## Analyzing the NUS SMS Corpus

This is a corpus of SMS (Short Message Service) messages collected for research at the Department of Computer Science at the National University of Singapore. This dataset consists of 67,093 SMS messages taken from the corpus on Mar 9, 2015. The messages largely originate from Singaporeans and mostly from students attending the University. These messages were collected from volunteers who were made aware that their contributions were going to be made publicly available. The data collectors opportunistically collected as much metadata about the messages and their senders as possible, so as to enable different types of analyses.
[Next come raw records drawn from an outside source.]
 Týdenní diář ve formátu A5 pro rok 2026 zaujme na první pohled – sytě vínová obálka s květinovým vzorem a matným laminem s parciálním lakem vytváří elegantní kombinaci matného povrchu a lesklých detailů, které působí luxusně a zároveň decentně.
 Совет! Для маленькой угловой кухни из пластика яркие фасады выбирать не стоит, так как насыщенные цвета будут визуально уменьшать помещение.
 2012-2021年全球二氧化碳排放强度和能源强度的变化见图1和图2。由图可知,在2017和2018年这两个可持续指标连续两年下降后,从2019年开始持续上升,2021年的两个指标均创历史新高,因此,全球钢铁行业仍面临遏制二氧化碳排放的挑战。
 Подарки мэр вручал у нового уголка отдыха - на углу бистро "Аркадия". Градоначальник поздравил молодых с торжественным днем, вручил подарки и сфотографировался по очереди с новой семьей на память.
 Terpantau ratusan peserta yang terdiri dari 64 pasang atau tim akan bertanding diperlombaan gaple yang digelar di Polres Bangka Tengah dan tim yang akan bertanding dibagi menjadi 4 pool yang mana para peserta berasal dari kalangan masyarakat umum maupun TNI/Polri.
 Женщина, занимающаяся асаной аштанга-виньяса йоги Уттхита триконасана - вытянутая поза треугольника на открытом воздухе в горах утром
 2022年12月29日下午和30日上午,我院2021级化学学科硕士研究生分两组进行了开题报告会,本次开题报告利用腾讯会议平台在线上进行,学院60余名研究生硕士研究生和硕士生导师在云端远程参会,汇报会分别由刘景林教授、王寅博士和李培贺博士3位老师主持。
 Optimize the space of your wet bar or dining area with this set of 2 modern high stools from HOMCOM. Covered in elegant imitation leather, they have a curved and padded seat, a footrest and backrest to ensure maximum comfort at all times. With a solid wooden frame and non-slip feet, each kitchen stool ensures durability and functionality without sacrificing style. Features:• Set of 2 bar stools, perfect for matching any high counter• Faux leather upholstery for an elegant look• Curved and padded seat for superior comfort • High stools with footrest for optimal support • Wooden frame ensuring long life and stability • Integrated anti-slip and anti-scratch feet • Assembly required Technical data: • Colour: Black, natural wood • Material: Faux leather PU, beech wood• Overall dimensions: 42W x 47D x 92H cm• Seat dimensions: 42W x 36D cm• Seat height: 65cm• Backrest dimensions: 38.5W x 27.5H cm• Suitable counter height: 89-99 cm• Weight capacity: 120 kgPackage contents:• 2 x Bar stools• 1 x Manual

Data is available from: https://www.kaggle.com/rtatman/the-national-university-of-singapore-sms-corpus 

Tao Chen and Min-Yen Kan (2013). Creating a Live, Public Short Message Service Corpus: The NUS SMS Corpus. Language Resources and Evaluation, 47(2)(2013), pages 299-355.

In [1]:
import json
import pandas as pd
from statistics import mean, median, mode

In [2]:
pd.set_option('max_colwidth', 100)

In [3]:
with open('data/smsCorpus_en_2015.03.09_all.json') as f:
    data = json.load(f)

In [4]:
data['smsCorpus']['message'][100]

{'@id': 10220,
 'text': {'$': 'm going to be late leh.'},
 'source': {'srcNumber': {'$': 51},
  'phoneModel': {'@manufactuer': 'unknown', '@smartphone': 'unknown'},
  'userProfile': {'userID': {'$': 51},
   'age': {'$': 'unknown'},
   'gender': {'$': 'unknown'},
   'nativeSpeaker': {'$': 'unknown'},
   'country': {'$': 'SG'},
   'city': {'$': 'unknown'},
   'experience': {'$': 'unknown'},
   'frequency': {'$': 'unknown'},
   'inputMethod': {'$': 'unknown'}}},
 'destination': {'@country': 'unknown', 'destNumber': {'$': 'unknown'}},
 'messageProfile': {'@language': 'en', '@time': 'unknown', '@type': 'unknown'},
 'collectionMethod': {'@collector': 'howyijue',
  '@method': 'unknown',
  '@time': '2003/4'}}

In [5]:
messages = data['smsCorpus']['message']

In [6]:
print(f'Total SMS count: {len(messages)}')

Total SMS count: 55835


In [7]:
full_df = pd.DataFrame(messages)

In [8]:
sms_df = full_df[['text']]
sms_df.head()

Unnamed: 0,text
0,{'$': 'Bugis oso near wat...'}
1,"{'$': 'Go until jurong point, crazy.. Available only in bugis n great world la e buffet... Cine ..."
2,{'$': 'I dunno until when... Lets go learn pilates...'}
3,{'$': 'Den only weekdays got special price... Haiz... Cant eat liao... Cut nails oso muz wait un...
4,{'$': 'Meet after lunch la...'}


In [9]:
def clean_sms(sms_text):
    sms = str(sms_text).lower()
    return sms[7:-2]

In [10]:
sms_df['clean_text'] = sms_df['text'].apply(clean_sms)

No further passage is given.